У главного героя Пруста, как вы знаете, нет имени, что симптоматично. Начало его романа есть одновременно начало того акта, который я вам описываю. Поскольку чтобы настроиться на то, чтобы читать    смыслы, а    не    прямые    значения, нужно    предположить себя несуществующим; лишь тогда   можно   разобраться   в   собственной    жизни, начать   философствовать   или    писать   тексты, подобные Прусту. Нужно предположить себя не имеющим имени, потому что имя — это готовая вещь, которая существует в бесконечном мире рыбы в аквариуме. «Я знаю себя в качестве Мераба» — это аквариумное знание. Оно к тому же страшно тем, что не вызывает у меня сомнения. То есть «я знаю, что я знаю» так же, как и рыба в аквариуме «знает», что вода бесконечна и в ней никогда не увидишь руки. Такого   рода   состояние, а   именно: состояние   уверенного   знания, то   есть   знания   своего знания, Серен Кьеркегор называл очень выразительно — «смертельной болезнью», от которой, кстати сказать, умирают. Умирают все возможности реализовать свою жизнь, собрать ее. Ибо человек будет жить вот в тех вещах, которые я назвал узлами, сцеплениями жизни, где каждый раз будет торчать рука из другого мира, подобная метеориту, но, будучи привязан к знанию как к вещи, он и будет погибать. В другой связи Пруст выражается об этом так: как правило, привязанность к предмету (под слово  «предмет» подставьте в данном случае знание, например, «я  привязан к тому, что я знаю, что я — такой-то») влечет за собой смерть   владельца этого предмета. По словам Кьеркегора, это — смертельная болезнь. Но Пруст   не цитировал его. Тут нет заимствования, хотя мысль или состояние одно и то же.
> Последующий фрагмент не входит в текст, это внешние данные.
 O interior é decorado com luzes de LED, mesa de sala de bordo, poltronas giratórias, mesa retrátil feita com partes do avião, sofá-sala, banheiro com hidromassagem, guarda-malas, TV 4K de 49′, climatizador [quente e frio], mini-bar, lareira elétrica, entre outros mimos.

Просто это говорит о том, что есть закон нашей сознательной жизни: стоит  глубоко  проделать  какой-то опыт сознания, и в результате на поверхность выскакивают одни и те же слова, даже одни и те же мыслительные связки. И происходит это совершенно независимо, повторяю, от проблемы влияния, заимствования. Так, очевидно, в своем  фундаменте устроена  наша сознательная жизнь; если  начать двигаться, то будут именно  те слои, какие есть, — если  на  полную  катушку, серьезно  проделан  опыт, который  я  назвал  опытом  Пути. Представьте себе геологический срез: если его хорошо взрезать, то там будут именно те слои, что есть, а не какие-нибудь другие.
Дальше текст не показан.